Ba. Bonds that are rated Ba are judged to have speculative elements, i.e., their future cannot be considered as well assured. Often the protection of interest and principal payments may be very moderate and thereby not well safeguarded during both good and bad times in the future. Uncertainty of position characterizes bonds in this class.
 
S&P’S LONG-TERM DEBT RATINGS. Description of the five highest long-term debt ratings by S&P (S&P may apply a plus (+) or minus (-) to a particular rating classification to show relative standing within that classification):
 
AAA. Debt rated AAA has the highest rating assigned by S&P. Capacity to pay interest and repay principal is extremely strong.
 
AA. Debt rated AA has a very strong capacity to pay interest and repay principal and differs from the higher-rated issues only in small degree.
 
A. Debt rated A has a strong capacity to pay interest and repay principal although it is somewhat more susceptible to the adverse effects of changes in circumstances and economic conditions than debt in higher-rated categories.
 
BBB. Debt rated BBB is regarded as having an adequate capacity to pay interest and repay principal.
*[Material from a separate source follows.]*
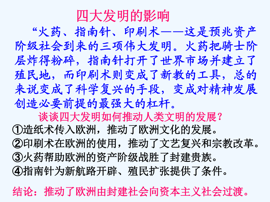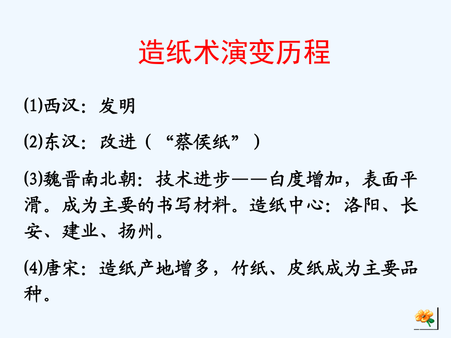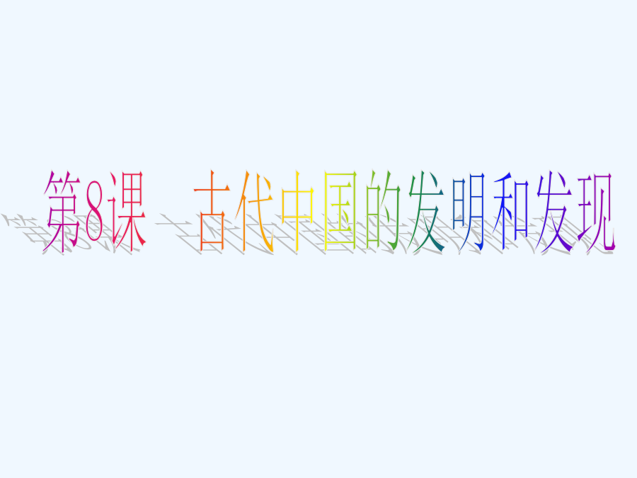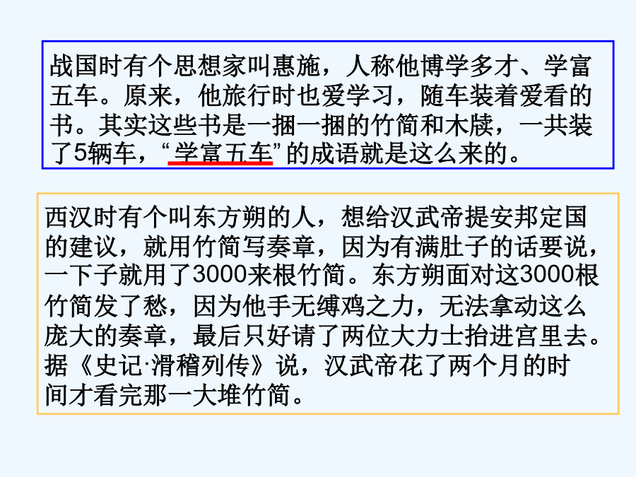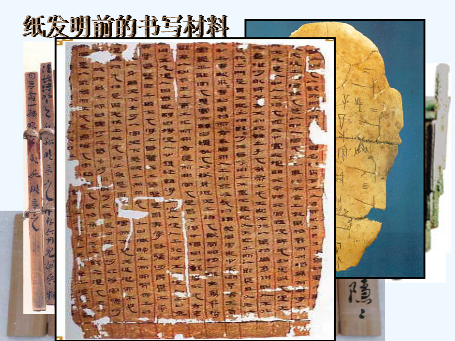 第8课古代中国的发明和发现时间一、四大发明“火药、指南针、印刷术——这是预兆资产阶级社会到来的三项伟大发明。火药把骑士阶层炸得粉碎,指南针打开了世界市场并建立了殖民地,而印刷术则变成了新教的工具,总的来说变成了科学复兴的手段,变成对精神发展创造必要前提的最强大的杠杆。纸发明前的书写材料西汉时有个叫东方朔的人,想给汉武帝提安邦定国的建议,就用竹简写奏章,因为有满肚子的话要说,一下子就用了3000来根竹简。东方朔面对这3000根竹简发了愁,因为他手无缚鸡之力,无法拿动这么庞大的奏章,最后只好请了两位大力士抬进

Whereas it normally exhibits adequate protection parameters, adverse economic conditions or changing circumstances are more likely to lead to a weakened capacity to pay interest and repay principal for debt in this category than in higher-rated categories.
 
BB. Debt rated BB is regarded, on balance, as predominately speculative with respect to capacity to pay interest and repay principal in accordance with the terms of the obligation. While such debt will likely have some quality and protective characteristics, these are outweighed by large uncertainties or major risk exposure to adverse conditions.
 
DUFF’S LONG-TERM DEBT RATINGS. Description of the three highest long-term debt ratings by Duff:
 
AAA. Highest credit quality. The risk factors are negligible being only slightly more than for risk-free U.S. Treasury debt.
 
AA+, AA, AA-. High credit quality protection factors are strong. Risk is modest but may vary slightly from time to time because of economic conditions.
 
A+, A, A-. Protection factors are average but adequate. However, risk factors are more variable and greater in periods of economic stress.
 
FITCH’S LONG-TERM DEBT RATINGS. Description of the three highest long-term debt ratings by Fitch (plus or minus signs are used with a rating symbol to indicate the relative position of the credit within the rating category):
 
AAA. Bonds considered to be investment grade and of the highest credit quality. The obligor has an exceptionally strong ability to pay interest and repay principal, which is unlikely to be affected by reasonably foreseeable events.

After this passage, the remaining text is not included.